*What to do:*
Using the listing below, retype exactly the lines starting at the one with "調理体験は各チームに分かれて" and ending at the one with "肉だねを丸め、ベビーチーズを", and include both.
---------- Given information ----------
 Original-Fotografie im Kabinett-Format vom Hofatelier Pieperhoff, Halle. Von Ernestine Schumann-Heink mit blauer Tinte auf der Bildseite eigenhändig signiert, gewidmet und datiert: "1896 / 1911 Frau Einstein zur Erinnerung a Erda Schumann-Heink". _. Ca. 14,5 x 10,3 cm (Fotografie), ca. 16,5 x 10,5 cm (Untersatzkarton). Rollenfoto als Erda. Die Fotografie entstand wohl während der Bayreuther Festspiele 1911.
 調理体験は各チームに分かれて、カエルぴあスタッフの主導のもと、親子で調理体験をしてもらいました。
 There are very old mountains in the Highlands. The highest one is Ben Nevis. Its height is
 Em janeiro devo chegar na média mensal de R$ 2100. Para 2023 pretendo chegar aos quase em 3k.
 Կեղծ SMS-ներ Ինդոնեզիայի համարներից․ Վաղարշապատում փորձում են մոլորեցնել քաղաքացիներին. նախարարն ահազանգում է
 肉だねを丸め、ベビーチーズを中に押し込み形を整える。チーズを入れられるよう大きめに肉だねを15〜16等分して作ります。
----------
---------- Given information ----------
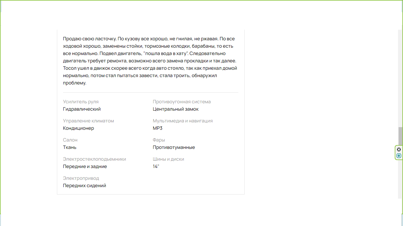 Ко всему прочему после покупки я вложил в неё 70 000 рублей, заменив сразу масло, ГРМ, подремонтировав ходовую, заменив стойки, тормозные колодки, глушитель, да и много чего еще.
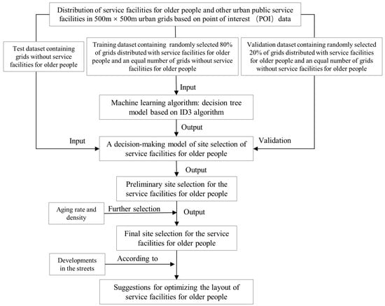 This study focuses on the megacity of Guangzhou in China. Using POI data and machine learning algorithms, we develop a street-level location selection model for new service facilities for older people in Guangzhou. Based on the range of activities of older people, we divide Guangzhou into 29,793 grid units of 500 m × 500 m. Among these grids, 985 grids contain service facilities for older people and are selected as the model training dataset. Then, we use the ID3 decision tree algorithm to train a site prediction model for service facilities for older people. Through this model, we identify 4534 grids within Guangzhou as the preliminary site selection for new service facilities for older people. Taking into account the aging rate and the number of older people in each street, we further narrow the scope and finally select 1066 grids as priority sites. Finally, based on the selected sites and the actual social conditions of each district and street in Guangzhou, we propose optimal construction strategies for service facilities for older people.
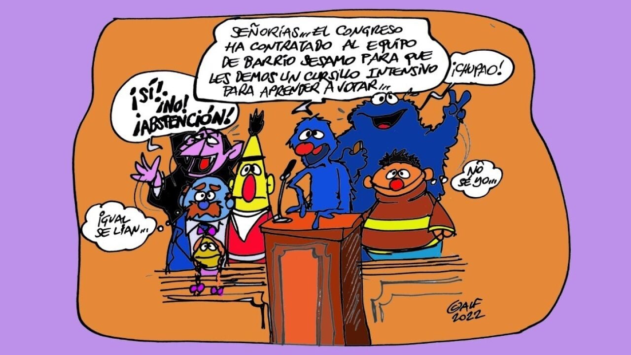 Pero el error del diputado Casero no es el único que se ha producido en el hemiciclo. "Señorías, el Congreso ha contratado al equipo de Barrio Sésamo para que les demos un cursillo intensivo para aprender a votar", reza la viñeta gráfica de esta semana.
----------
---------- Given information ----------
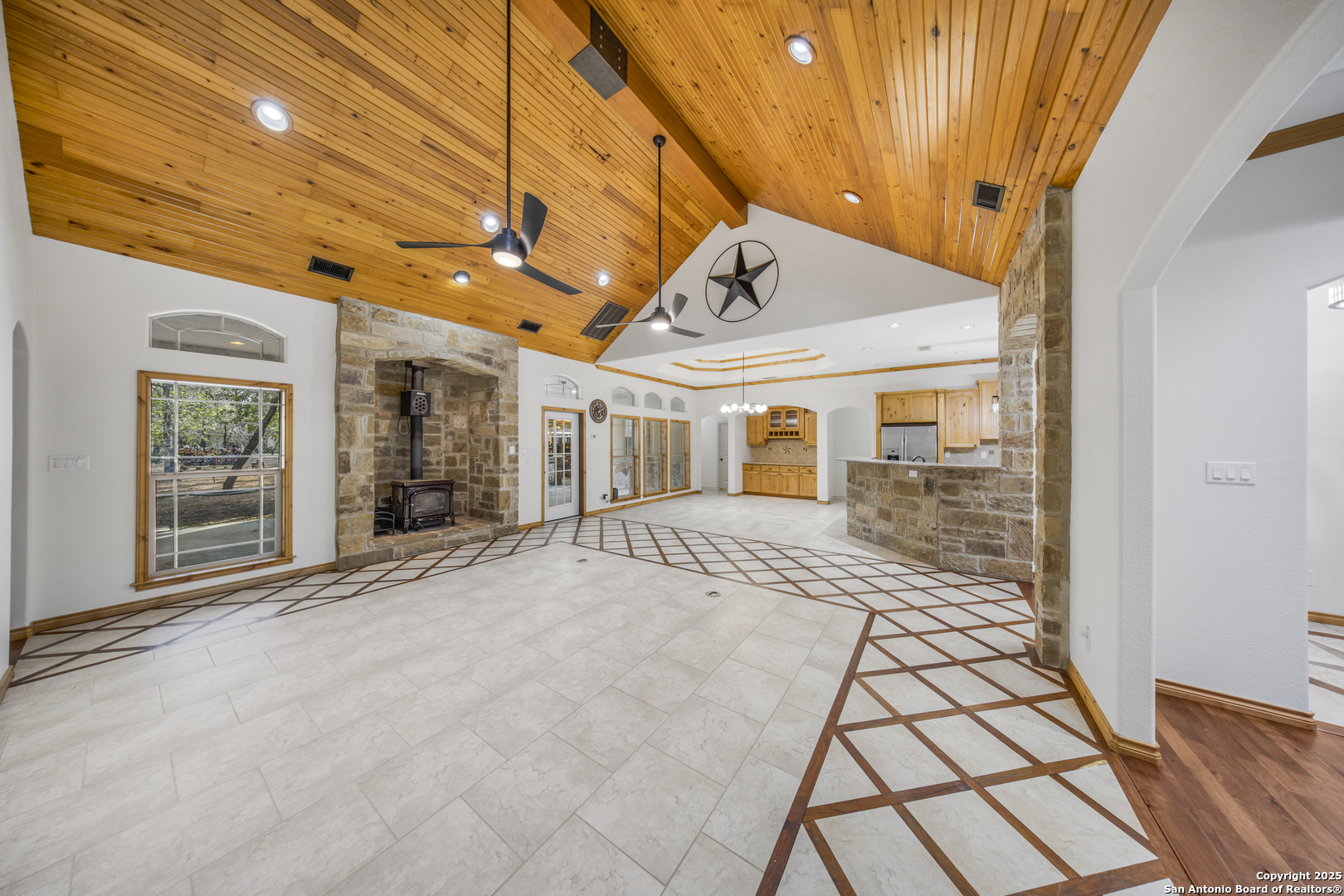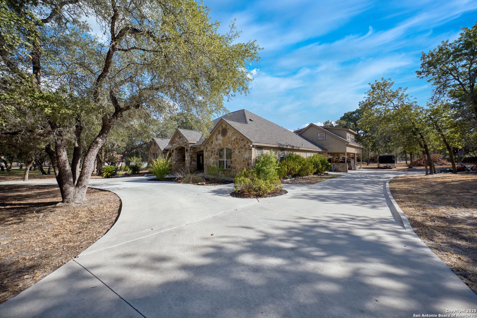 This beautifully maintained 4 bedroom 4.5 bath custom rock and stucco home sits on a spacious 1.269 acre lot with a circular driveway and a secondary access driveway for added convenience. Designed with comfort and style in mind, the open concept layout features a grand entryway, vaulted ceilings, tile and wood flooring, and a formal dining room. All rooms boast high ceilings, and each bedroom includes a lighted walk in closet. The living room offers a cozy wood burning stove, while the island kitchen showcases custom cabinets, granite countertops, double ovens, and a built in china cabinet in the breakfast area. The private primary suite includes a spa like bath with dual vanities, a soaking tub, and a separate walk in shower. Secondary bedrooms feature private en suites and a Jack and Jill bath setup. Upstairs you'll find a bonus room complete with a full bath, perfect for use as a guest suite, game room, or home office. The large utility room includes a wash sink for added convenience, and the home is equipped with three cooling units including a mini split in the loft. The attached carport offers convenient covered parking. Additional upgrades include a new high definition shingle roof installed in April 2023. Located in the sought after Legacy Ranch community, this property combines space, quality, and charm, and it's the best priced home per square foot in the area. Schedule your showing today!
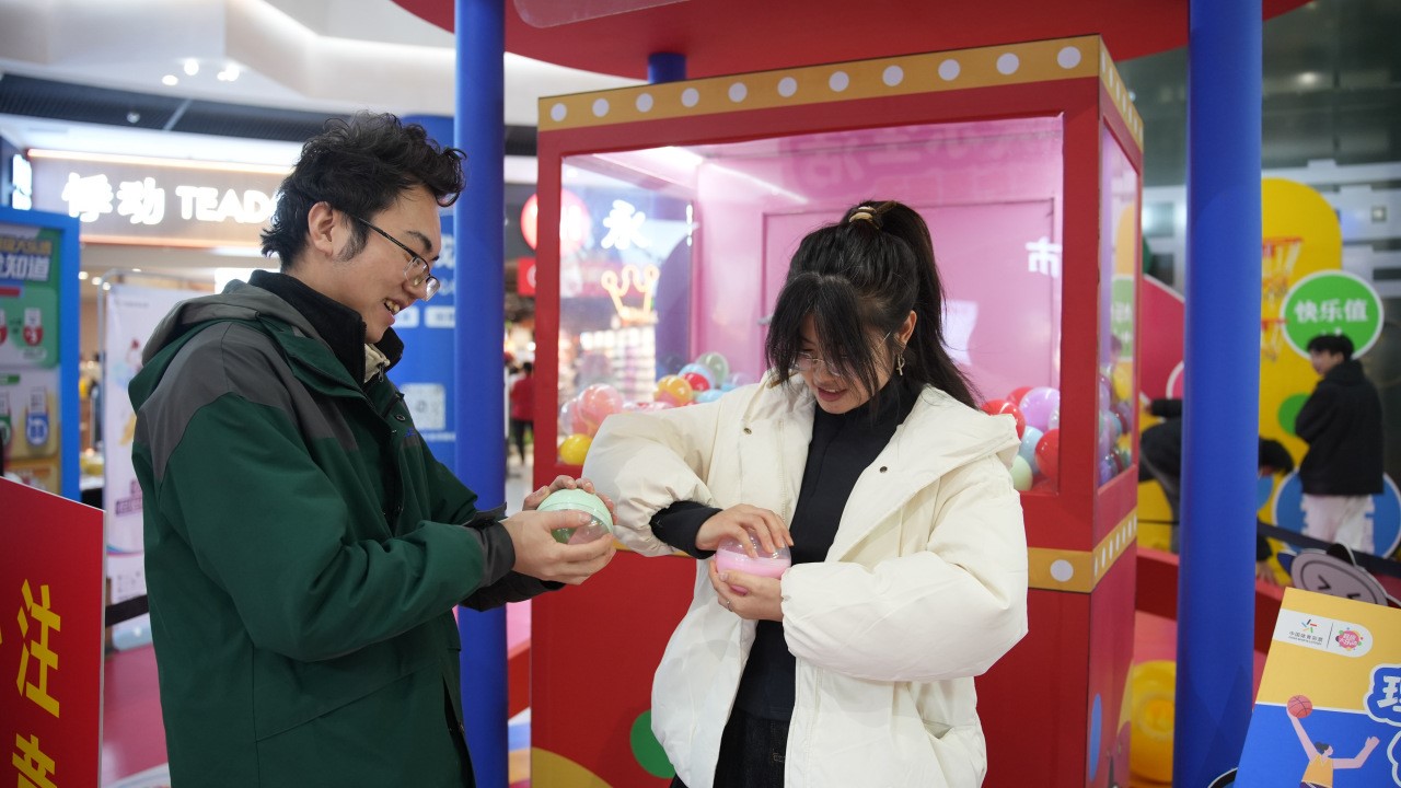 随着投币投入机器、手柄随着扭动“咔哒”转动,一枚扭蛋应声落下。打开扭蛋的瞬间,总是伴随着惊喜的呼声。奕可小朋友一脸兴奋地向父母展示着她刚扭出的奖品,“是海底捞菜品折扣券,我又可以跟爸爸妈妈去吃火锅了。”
----------
*Solution for this problem:*
 調理体験は各チームに分かれて、カエルぴあスタッフの主導のもと、親子で調理体験をしてもらいました。
 There are very old mountains in the Highlands. The highest one is Ben Nevis. Its height is
 Em janeiro devo chegar na média mensal de R$ 2100. Para 2023 pretendo chegar aos quase em 3k.
 Կեղծ SMS-ներ Ինդոնեզիայի համարներից․ Վաղարշապատում փորձում են մոլորեցնել քաղաքացիներին. նախարարն ահազանգում է
 肉だねを丸め、ベビーチーズを中に押し込み形を整える。チーズを入れられるよう大きめに肉だねを15〜16等分して作ります。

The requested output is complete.